Hoje, o debate europeu centra-se na crise económica e nas sequelas da gestão do euro. Mas nem sequer é a curto prazo o mais grave efeito da disformidade actual da União. A mistura de autoritarismo e de aventureirismo conhece o seu maior risco e perigo numa pseudopolítica externa da União, feita por proclamações de países que não estão dispostos a gastar dinheiro para ter forças armadas credíveis e colocar tropas no chão e por isso dependem sempre dos EUA. Isso não tem impedido a União de um ciclo de intervenções insensatas e ignorantes da História, cujos resultados agravaram as perspectivas da paz mundial. A Líbia feudalizada e bárbara resultou de um ajuste de contas com um amigo especial, Kadhafi;  a Síria foi empurrada para uma guerra civil com clara interferência europeia, e o caso mais grave da Ucrânia, porque envolve uma potência nuclear, onde a União brincou às barricadas para impor um governo de uma parte do país contra a outra parte, provocando um processo de destruição do próprio país e um reforço do expansionismo russo. Devia haver um tratado que impedisse a União Europeia, mais os seus governos e a Baronesa, de jogar aos grandes do mundo, quando não se tem força nem se pensa nas consequências.
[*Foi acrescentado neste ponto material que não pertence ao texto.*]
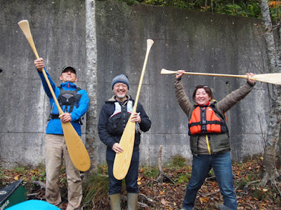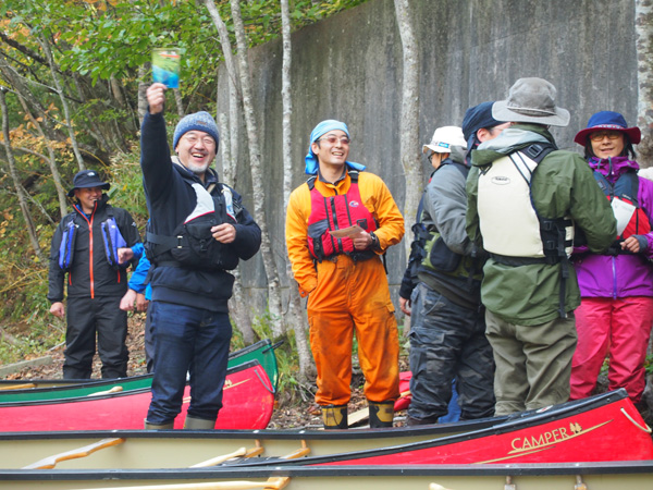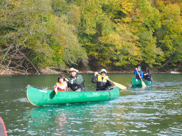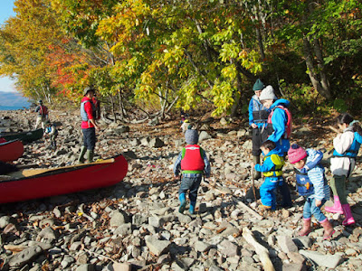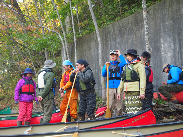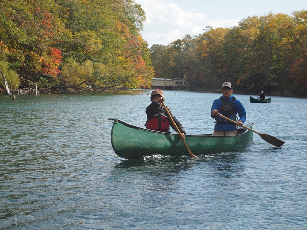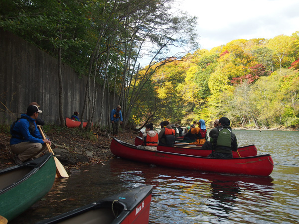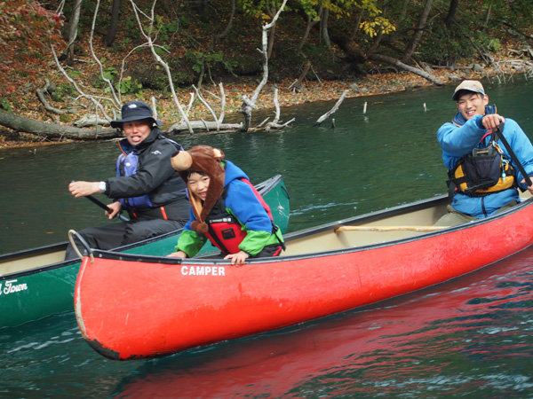 初日は風も穏やかで美しい紅葉を横目にカヌー。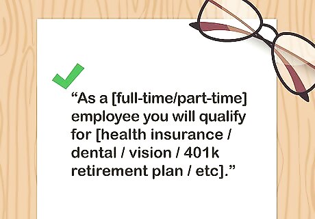 Give the reader a clear understanding of the job’s compensation. This will make potential applicants feel more confident that they know what their financial situation would be working for you. If the salary and benefits aren’t set in stone, provide an expected salary range and save any final determinations for the interview stage. Potential benefits to include may include paid vacation days, health insurance, pension plans, or housing benefits.

Esta Europa, disforme e perigosa, não é de todo discutida nas actuais eleições europeias, que são em si mesmas um claro sintoma de tudo o que está mal por essa Europa fora, e pior em Portugal. À tentativa, na qual se gastam milhões de euros, de fazer com que as pessoas se interessem pela Europa e pelas eleições, soma-se o facto de não haver substância nem diferenças nas candidaturas principais. PS, PSD e CDS são hoje Dupont e Dupond. Dependem dos seus grupos europeus, cada vez mais poderosos numa dimensão que escapa ao escrutínio em cada nação. São uma espécie de Internacional Europeia com regras de inclusão, bom comportamento e exclusão, cada vez mais rígidas. Votam em conjunto no Parlamento Europeu em tudo o que é fundamental.

Os portugueses que vão às urnas vão, na sua esmagadora maioria, para punir ou defender o governo. Os portugueses que nem isso fazem, e não vão votar, ficam em casa por considerarem estas eleições inúteis. Votam na praia contra a ficção europeia, porque consideram que, votando ou não, não serve para nada, quem manda é a senhora Merkel e a troika e eles não vão a votos. Por isso, estas eleições, pela positiva, não valem para nada a não ser para a política interna. Pela negativa, vão ser mais um acto de deslegitimação da actual União Europeia, pelos europeus que não consideram que haja qualquer reforço da democracia nestas eleições.